Ideally i'd like to get them out without damaging them but it's beginning to look like that may not be possible.
Someone else has suggested a large rawl bolt but of course i'd have to be very careful with that so as not to swell the sleeve and make it worse than it already is :?


----------



## mullum (Sep 16, 2011)

Sorry I haven't got any suggestions but I am curious now as to why you want to remove that sleeve ?


----------



## warrenstuart (Mar 3, 2010)

mullum said:


> Sorry I haven't got any suggestions but I am curious now as to why you want to remove that sleeve ?

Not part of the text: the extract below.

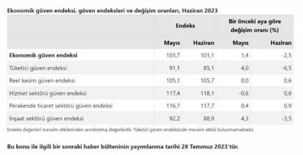 TÜİK verilerine göre, ekonomik güven endeksi haziran ayında yüzde 2,5 oranında gerileme gösterdi. Türkiye İstatistik Kurumu (TÜİK) haziran ayı ekonomik güven endeksi verilerini açıkladı. Tüketici ve üreticilerin genel ekonomik duruma ilişkin değerlendirme, beklenti ve eğilimlerini özetleyen bir bileşik endeks olan ekonomik güven endeksi mayıs ayında 103,7 iken, haziran ayında yüzde 2,5 oranında azalarak 101,1 değerini aldı. Bir önceki aya göre haziran ayında tüketici güven endeksi yüzde 6,5 oranında azalarak 85,1 değerini, reel kesim (imalat sanayi) güven endeksi yüzde 0,6 oranında artarak 105,7 değerini, hizmet sektörü güven endeksi yüzde 0,6 oranında artarak 118,1 değerini, perakende ticaret sektörü güven endeksi yüzde 0,9 oranında artarak 117,7 değerini, inşaat sektörü güven endeksi yüzde 3,5 oranında azalarak 88,9 değerini aldı. Kaynak: TÜİK

Hi Mullum, i want to remove it so that i can use standard 35mm dia speaker stands, it's a bit of a pain at the moment because if i use these speakers i have to take the 32mm stands with me (and i've forgotten them a couple of times!).
Also i can't use them with a standard 35mm pole to sit them on top of a subwoofer at larger functions.

The old 32mm stands for which these adaptors are used are really heavy duty and sturdy but just not very popular and hence i keep getting caught out with them :?

Sorry long waffle answer 

Warren.


----------



## anthony_839 (Apr 9, 2013)

I could get a 35mm hole cutter and just cut it out


----------



## John-H (Jul 13, 2005)

The steel tube may be inserted hot so it welds itself to the plastic. If that is the case the reverse process would be to heat it up quickly to melt a thin layer of plastic at the interface and pull it out easily.


----------



## blz-8027 (Sep 22, 2013)

Get a reducer for the 35mm dia speaker stands to 32


----------



## brian1978 (Jul 10, 2013)

Drill 2 holes about 15mm down into it, then slide a pin across and pull it out with pair of grips.


----------



## warrenstuart (Mar 3, 2010)

Thanks for the replies, sorry but i've not had chance to reply over the weekend.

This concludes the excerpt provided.